I think that you are right about that Rich, having read it beforehand, knowing exactly what will happen made me feel as if "well then, what else is there to see?" But on the merits of how the film was made like the going back in time thing was quite good IMO.

Guys,

why should we base the film on whether we have seen the book? do they need to release one film for people who have read the book and one for people who haven't ok, maybe a little strong.

but i think they aimed it at the lowest possible denominator, i.e. me. and it was still boring.

the book wasn't that complicated, so making a film that explained just about everything about it makes for a boring film.

not a bad film, just a boring one. didn't get my £4.50 worth of entertainment, more like like a £2.21

I dont think it was a bad film either, just rather slow to my liking.

The point is Pablo if they recreate the book exactly and you've already read the book then there are no surprises. To quote Radiohead.

Hence there's no tension, no twist, it won't work because you know every step.

That's not to say you won't appreciate what it is. I watched Sixth Sense for the first time already knowning beforehand the ending. I still loved it.

Rich,

i agree that i had read the book and new the twists. but for an adventure/thriller i only jumped once. and i scare really easily.

the film(and the book) feels like its been written to accomodate advert breaks or see the second half tomorrow.

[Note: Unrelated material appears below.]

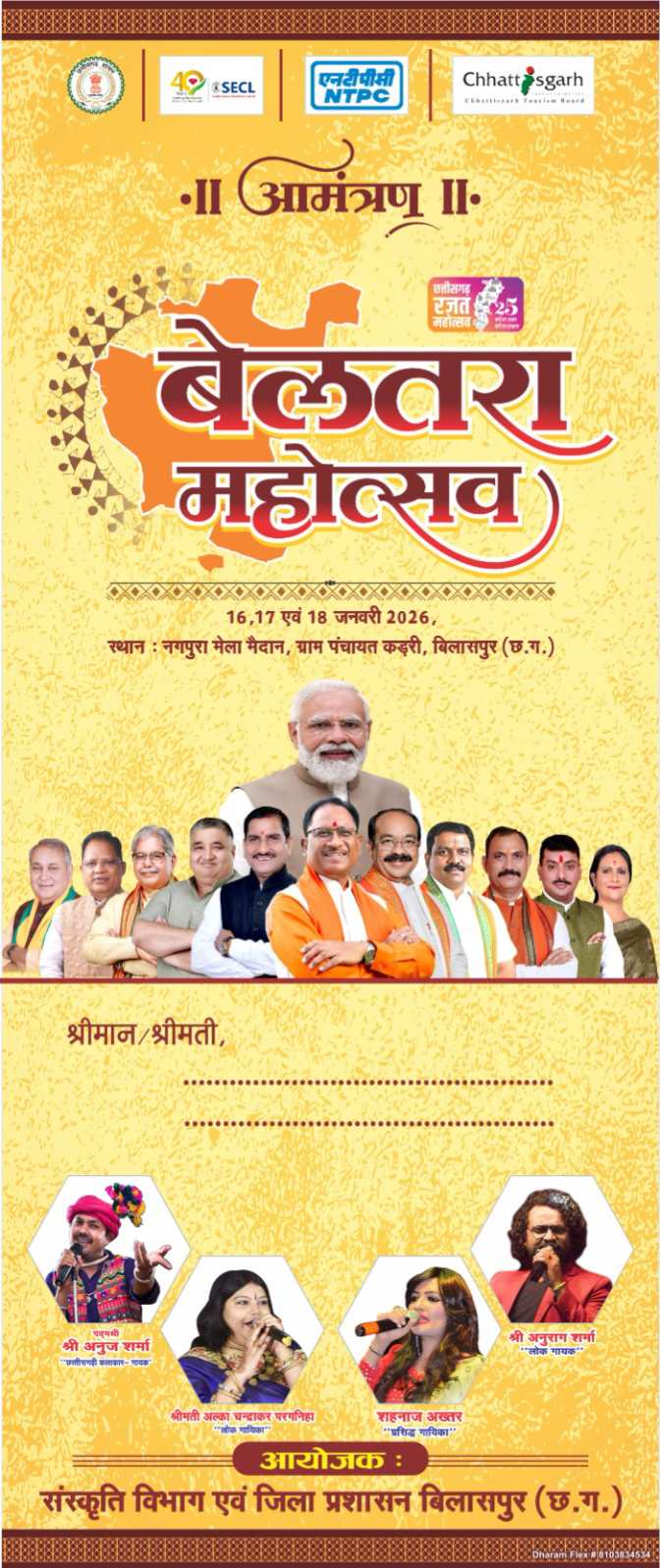 महोत्सव का भव्य शुभारंभ 16 जनवरी संस्कृति एवं पर्यटन मंत्री श्री राजेश अग्रवाल के मुख्य आतिथ्य में होगा। कार्यक्रम की अध्यक्षता बिलासपुर विधायक श्री अमर अग्रवाल करेंगे। विशिष्ट अतिथि के तौर पर बेलतरा श्री सुशांत शुक्ला, छत्तीसगढ़ पाठ्य पुस्तक निगम के अध्यक्ष श्री राजा पाण्डेय, जिला पंचायत अध्यक्ष श्री राजेश सूर्यवंशी सहित अन्य जनप्रतिनिधि एवं प्रशासनिक अधिकारी उपस्थित रहेंगे। सांस्कृतिक कार्यक्रमों की प्रस्तुति देने लोक गायक श्री चंदन यादव एवं लोक यायिका श्रीमती अल्का चन्द्राकर शामिल होंगी। महोत्सव के दूसरे दिन 17 जनवरी 2026 को सांस्कृतिक कार्यक्रमों की निरंतरता बनी रहेगी। कार्यक्रम में स्वास्थ्य मंत्री श्री श्याम बिहारी जायसवाल बतौर मुख्य अतिथि के रूप में शामिल होंगे। अध्यक्षता बिल्हा विधायक श्री धरम लाल कौशिक करेंगे। विशिष्ट अतिथि के रूप बेलतरा श्री सुशांत शुक्ला, क्रेडा अध्यक्ष श्री भूपेन्द्र सवन्नी, जिला सहकारी मर्यादित बैंक के अध्यक्ष सहित विभिन्न जनप्रतिनिधि उपस्थित रहेंगे। शाम 6 बजे से इस दिन मंच पर लोक गायक श्री अनुराग शर्मा एवं प्रसिद्ध गायिका शहनाज अख्तर अपनी प्रस्तुतियां देंगे।

i.e. i think its a good two part tv series but a mediocre film

I've been thinking about that too Pablo, there was just way too much information to cram in a 2 1/2 hour film. As per your suggestion, perhaps not a tv series that will run for a whole season, but say a two-part tv movie, like what they did to Pride and Prejudice years before.

The movie was ok. The book was muhc better, though.

The movie and book are great stories, and magnificent works of FICTION. A TV series or anything of that nature isn't needed. If people want to know more about the story they could read the book. If they wished to know the true history, and seperate the massive amount of fiction intertwined into the story, from the truth; then they could open a book seperating the two, take a gander on many internet sites dispelling this old rumor that has no ancient documentation, or simply watch the History Channel specials.

Good Fiction, though.

Hi John, the reason that maybe doing DVC as a series would be much better is that because it was too long and drawn out as a movie, at least for some of us. If it was made into a tv-movie which had 2 parts, then you can understand why it has to be long. Thank you for highlighting that it is a work of fiction. And welcome to the Filmstalker!